Data for review section start
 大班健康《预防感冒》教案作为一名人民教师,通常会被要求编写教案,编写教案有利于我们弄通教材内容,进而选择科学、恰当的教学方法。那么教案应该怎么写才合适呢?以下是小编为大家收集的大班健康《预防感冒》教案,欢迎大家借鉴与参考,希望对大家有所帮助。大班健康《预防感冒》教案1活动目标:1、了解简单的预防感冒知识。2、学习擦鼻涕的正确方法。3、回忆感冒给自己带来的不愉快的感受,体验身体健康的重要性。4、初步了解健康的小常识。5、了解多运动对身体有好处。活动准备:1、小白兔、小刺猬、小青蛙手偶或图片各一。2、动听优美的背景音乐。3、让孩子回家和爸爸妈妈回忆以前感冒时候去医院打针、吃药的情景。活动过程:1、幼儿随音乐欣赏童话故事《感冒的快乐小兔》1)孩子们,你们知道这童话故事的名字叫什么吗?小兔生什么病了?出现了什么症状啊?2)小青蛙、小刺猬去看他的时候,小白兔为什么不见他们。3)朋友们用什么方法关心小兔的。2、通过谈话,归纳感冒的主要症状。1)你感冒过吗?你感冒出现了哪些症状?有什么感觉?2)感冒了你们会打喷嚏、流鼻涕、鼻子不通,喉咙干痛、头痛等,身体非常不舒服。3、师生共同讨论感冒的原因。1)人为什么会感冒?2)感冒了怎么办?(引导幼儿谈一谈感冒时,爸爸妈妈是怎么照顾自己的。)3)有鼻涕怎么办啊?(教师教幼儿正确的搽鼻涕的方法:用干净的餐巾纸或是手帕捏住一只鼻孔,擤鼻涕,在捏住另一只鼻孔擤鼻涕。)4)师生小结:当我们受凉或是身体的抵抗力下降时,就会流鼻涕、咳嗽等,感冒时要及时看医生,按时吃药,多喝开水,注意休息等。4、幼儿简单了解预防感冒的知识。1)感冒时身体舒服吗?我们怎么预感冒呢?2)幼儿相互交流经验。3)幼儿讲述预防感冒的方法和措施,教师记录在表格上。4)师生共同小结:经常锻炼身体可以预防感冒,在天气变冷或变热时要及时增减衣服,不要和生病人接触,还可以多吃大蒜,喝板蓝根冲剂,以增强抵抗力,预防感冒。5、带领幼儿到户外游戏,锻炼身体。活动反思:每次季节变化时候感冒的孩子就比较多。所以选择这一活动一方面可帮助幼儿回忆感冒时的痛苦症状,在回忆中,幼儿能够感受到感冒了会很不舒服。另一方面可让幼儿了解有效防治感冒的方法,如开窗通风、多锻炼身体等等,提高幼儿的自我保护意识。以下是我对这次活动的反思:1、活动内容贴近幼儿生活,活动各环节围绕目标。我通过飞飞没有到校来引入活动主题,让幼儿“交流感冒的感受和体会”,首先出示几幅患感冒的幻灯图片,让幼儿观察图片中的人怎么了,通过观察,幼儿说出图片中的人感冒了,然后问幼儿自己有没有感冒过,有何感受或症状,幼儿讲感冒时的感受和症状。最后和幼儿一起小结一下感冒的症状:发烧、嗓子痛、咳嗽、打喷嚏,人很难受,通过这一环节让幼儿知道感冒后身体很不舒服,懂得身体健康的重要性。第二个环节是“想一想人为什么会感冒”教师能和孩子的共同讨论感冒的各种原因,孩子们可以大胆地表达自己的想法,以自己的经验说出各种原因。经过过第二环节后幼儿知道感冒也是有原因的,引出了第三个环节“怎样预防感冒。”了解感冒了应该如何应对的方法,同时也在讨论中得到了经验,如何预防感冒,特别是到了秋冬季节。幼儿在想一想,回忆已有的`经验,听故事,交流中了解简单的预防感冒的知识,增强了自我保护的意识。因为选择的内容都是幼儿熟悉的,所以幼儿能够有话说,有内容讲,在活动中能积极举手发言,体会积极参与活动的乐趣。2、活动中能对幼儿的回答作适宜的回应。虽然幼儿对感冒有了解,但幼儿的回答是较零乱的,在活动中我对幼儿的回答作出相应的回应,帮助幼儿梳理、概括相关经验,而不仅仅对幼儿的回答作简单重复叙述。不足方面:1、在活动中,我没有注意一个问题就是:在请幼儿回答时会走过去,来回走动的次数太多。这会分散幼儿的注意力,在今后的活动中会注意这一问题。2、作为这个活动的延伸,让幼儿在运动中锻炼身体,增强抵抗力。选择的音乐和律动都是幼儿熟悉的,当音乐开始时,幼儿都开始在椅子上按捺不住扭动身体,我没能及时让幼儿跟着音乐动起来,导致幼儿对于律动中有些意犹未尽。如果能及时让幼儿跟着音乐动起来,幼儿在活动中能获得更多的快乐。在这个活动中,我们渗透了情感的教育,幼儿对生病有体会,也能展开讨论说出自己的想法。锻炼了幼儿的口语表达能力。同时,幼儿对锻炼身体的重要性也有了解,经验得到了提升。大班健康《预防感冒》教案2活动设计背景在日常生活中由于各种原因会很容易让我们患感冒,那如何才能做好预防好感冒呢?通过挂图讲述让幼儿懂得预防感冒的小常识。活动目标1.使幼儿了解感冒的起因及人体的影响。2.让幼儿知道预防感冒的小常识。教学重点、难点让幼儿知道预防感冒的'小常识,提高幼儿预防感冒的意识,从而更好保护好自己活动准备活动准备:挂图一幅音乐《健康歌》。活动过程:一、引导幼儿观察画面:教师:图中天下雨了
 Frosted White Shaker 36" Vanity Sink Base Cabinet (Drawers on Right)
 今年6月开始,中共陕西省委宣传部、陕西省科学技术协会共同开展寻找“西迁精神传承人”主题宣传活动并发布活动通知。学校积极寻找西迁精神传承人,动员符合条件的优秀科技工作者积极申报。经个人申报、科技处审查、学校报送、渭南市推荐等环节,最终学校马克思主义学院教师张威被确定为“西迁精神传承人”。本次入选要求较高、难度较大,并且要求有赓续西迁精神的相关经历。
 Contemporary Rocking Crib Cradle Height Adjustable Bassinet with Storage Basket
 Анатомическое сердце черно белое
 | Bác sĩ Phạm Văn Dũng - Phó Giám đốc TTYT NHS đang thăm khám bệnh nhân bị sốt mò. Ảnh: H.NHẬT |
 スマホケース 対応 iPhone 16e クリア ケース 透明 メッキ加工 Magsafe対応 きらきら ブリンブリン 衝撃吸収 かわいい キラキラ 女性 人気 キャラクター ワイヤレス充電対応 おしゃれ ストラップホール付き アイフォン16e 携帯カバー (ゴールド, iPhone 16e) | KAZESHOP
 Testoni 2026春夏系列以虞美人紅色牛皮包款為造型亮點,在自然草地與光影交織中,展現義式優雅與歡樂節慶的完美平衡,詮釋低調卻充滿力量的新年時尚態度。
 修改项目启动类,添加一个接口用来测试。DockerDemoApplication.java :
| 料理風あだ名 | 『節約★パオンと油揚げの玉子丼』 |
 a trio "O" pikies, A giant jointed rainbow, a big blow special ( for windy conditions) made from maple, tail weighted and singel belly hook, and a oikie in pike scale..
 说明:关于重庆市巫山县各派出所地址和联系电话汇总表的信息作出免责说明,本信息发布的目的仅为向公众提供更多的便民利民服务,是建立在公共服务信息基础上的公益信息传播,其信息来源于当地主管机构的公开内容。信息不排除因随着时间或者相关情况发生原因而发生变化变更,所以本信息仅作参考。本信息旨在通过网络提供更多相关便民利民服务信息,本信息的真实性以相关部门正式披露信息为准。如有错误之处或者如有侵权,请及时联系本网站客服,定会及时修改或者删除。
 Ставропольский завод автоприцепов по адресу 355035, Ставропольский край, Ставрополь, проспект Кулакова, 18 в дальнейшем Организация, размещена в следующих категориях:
Data for review section end
**Instructions for the task:**
Say every entry again, exactly as it reads.

**Solution:**
 大班健康《预防感冒》教案作为一名人民教师,通常会被要求编写教案,编写教案有利于我们弄通教材内容,进而选择科学、恰当的教学方法。那么教案应该怎么写才合适呢?以下是小编为大家收集的大班健康《预防感冒》教案,欢迎大家借鉴与参考,希望对大家有所帮助。大班健康《预防感冒》教案1活动目标:1、了解简单的预防感冒知识。2、学习擦鼻涕的正确方法。3、回忆感冒给自己带来的不愉快的感受,体验身体健康的重要性。4、初步了解健康的小常识。5、了解多运动对身体有好处。活动准备:1、小白兔、小刺猬、小青蛙手偶或图片各一。2、动听优美的背景音乐。3、让孩子回家和爸爸妈妈回忆以前感冒时候去医院打针、吃药的情景。活动过程:1、幼儿随音乐欣赏童话故事《感冒的快乐小兔》1)孩子们,你们知道这童话故事的名字叫什么吗?小兔生什么病了?出现了什么症状啊?2)小青蛙、小刺猬去看他的时候,小白兔为什么不见他们。3)朋友们用什么方法关心小兔的。2、通过谈话,归纳感冒的主要症状。1)你感冒过吗?你感冒出现了哪些症状?有什么感觉?2)感冒了你们会打喷嚏、流鼻涕、鼻子不通,喉咙干痛、头痛等,身体非常不舒服。3、师生共同讨论感冒的原因。1)人为什么会感冒?2)感冒了怎么办?(引导幼儿谈一谈感冒时,爸爸妈妈是怎么照顾自己的。)3)有鼻涕怎么办啊?(教师教幼儿正确的搽鼻涕的方法:用干净的餐巾纸或是手帕捏住一只鼻孔,擤鼻涕,在捏住另一只鼻孔擤鼻涕。)4)师生小结:当我们受凉或是身体的抵抗力下降时,就会流鼻涕、咳嗽等,感冒时要及时看医生,按时吃药,多喝开水,注意休息等。4、幼儿简单了解预防感冒的知识。1)感冒时身体舒服吗?我们怎么预感冒呢?2)幼儿相互交流经验。3)幼儿讲述预防感冒的方法和措施,教师记录在表格上。4)师生共同小结:经常锻炼身体可以预防感冒,在天气变冷或变热时要及时增减衣服,不要和生病人接触,还可以多吃大蒜,喝板蓝根冲剂,以增强抵抗力,预防感冒。5、带领幼儿到户外游戏,锻炼身体。活动反思:每次季节变化时候感冒的孩子就比较多。所以选择这一活动一方面可帮助幼儿回忆感冒时的痛苦症状,在回忆中,幼儿能够感受到感冒了会很不舒服。另一方面可让幼儿了解有效防治感冒的方法,如开窗通风、多锻炼身体等等,提高幼儿的自我保护意识。以下是我对这次活动的反思:1、活动内容贴近幼儿生活,活动各环节围绕目标。我通过飞飞没有到校来引入活动主题,让幼儿“交流感冒的感受和体会”,首先出示几幅患感冒的幻灯图片,让幼儿观察图片中的人怎么了,通过观察,幼儿说出图片中的人感冒了,然后问幼儿自己有没有感冒过,有何感受或症状,幼儿讲感冒时的感受和症状。最后和幼儿一起小结一下感冒的症状:发烧、嗓子痛、咳嗽、打喷嚏,人很难受,通过这一环节让幼儿知道感冒后身体很不舒服,懂得身体健康的重要性。第二个环节是“想一想人为什么会感冒”教师能和孩子的共同讨论感冒的各种原因,孩子们可以大胆地表达自己的想法,以自己的经验说出各种原因。经过过第二环节后幼儿知道感冒也是有原因的,引出了第三个环节“怎样预防感冒。”了解感冒了应该如何应对的方法,同时也在讨论中得到了经验,如何预防感冒,特别是到了秋冬季节。幼儿在想一想,回忆已有的`经验,听故事,交流中了解简单的预防感冒的知识,增强了自我保护的意识。因为选择的内容都是幼儿熟悉的,所以幼儿能够有话说,有内容讲,在活动中能积极举手发言,体会积极参与活动的乐趣。2、活动中能对幼儿的回答作适宜的回应。虽然幼儿对感冒有了解,但幼儿的回答是较零乱的,在活动中我对幼儿的回答作出相应的回应,帮助幼儿梳理、概括相关经验,而不仅仅对幼儿的回答作简单重复叙述。不足方面:1、在活动中,我没有注意一个问题就是:在请幼儿回答时会走过去,来回走动的次数太多。这会分散幼儿的注意力,在今后的活动中会注意这一问题。2、作为这个活动的延伸,让幼儿在运动中锻炼身体,增强抵抗力。选择的音乐和律动都是幼儿熟悉的,当音乐开始时,幼儿都开始在椅子上按捺不住扭动身体,我没能及时让幼儿跟着音乐动起来,导致幼儿对于律动中有些意犹未尽。如果能及时让幼儿跟着音乐动起来,幼儿在活动中能获得更多的快乐。在这个活动中,我们渗透了情感的教育,幼儿对生病有体会,也能展开讨论说出自己的想法。锻炼了幼儿的口语表达能力。同时,幼儿对锻炼身体的重要性也有了解,经验得到了提升。大班健康《预防感冒》教案2活动设计背景在日常生活中由于各种原因会很容易让我们患感冒,那如何才能做好预防好感冒呢?通过挂图讲述让幼儿懂得预防感冒的小常识。活动目标1.使幼儿了解感冒的起因及人体的影响。2.让幼儿知道预防感冒的小常识。教学重点、难点让幼儿知道预防感冒的'小常识,提高幼儿预防感冒的意识,从而更好保护好自己活动准备活动准备:挂图一幅音乐《健康歌》。活动过程:一、引导幼儿观察画面:教师:图中天下雨了
 Frosted White Shaker 36" Vanity Sink Base Cabinet (Drawers on Right)
 今年6月开始,中共陕西省委宣传部、陕西省科学技术协会共同开展寻找“西迁精神传承人”主题宣传活动并发布活动通知。学校积极寻找西迁精神传承人,动员符合条件的优秀科技工作者积极申报。经个人申报、科技处审查、学校报送、渭南市推荐等环节,最终学校马克思主义学院教师张威被确定为“西迁精神传承人”。本次入选要求较高、难度较大,并且要求有赓续西迁精神的相关经历。
 Contemporary Rocking Crib Cradle Height Adjustable Bassinet with Storage Basket
 Анатомическое сердце черно белое
 | Bác sĩ Phạm Văn Dũng - Phó Giám đốc TTYT NHS đang thăm khám bệnh nhân bị sốt mò. Ảnh: H.NHẬT |
 スマホケース 対応 iPhone 16e クリア ケース 透明 メッキ加工 Magsafe対応 きらきら ブリンブリン 衝撃吸収 かわいい キラキラ 女性 人気 キャラクター ワイヤレス充電対応 おしゃれ ストラップホール付き アイフォン16e 携帯カバー (ゴールド, iPhone 16e) | KAZESHOP
 Testoni 2026春夏系列以虞美人紅色牛皮包款為造型亮點,在自然草地與光影交織中,展現義式優雅與歡樂節慶的完美平衡,詮釋低調卻充滿力量的新年時尚態度。
 修改项目启动类,添加一个接口用来测试。DockerDemoApplication.java :
| 料理風あだ名 | 『節約★パオンと油揚げの玉子丼』 |
 a trio "O" pikies, A giant jointed rainbow, a big blow special ( for windy conditions) made from maple, tail weighted and singel belly hook, and a oikie in pike scale..
 说明:关于重庆市巫山县各派出所地址和联系电话汇总表的信息作出免责说明,本信息发布的目的仅为向公众提供更多的便民利民服务,是建立在公共服务信息基础上的公益信息传播,其信息来源于当地主管机构的公开内容。信息不排除因随着时间或者相关情况发生原因而发生变化变更,所以本信息仅作参考。本信息旨在通过网络提供更多相关便民利民服务信息,本信息的真实性以相关部门正式披露信息为准。如有错误之处或者如有侵权,请及时联系本网站客服,定会及时修改或者删除。
 Ставропольский завод автоприцепов по адресу 355035, Ставропольский край, Ставрополь, проспект Кулакова, 18 в дальнейшем Организация, размещена в следующих категориях:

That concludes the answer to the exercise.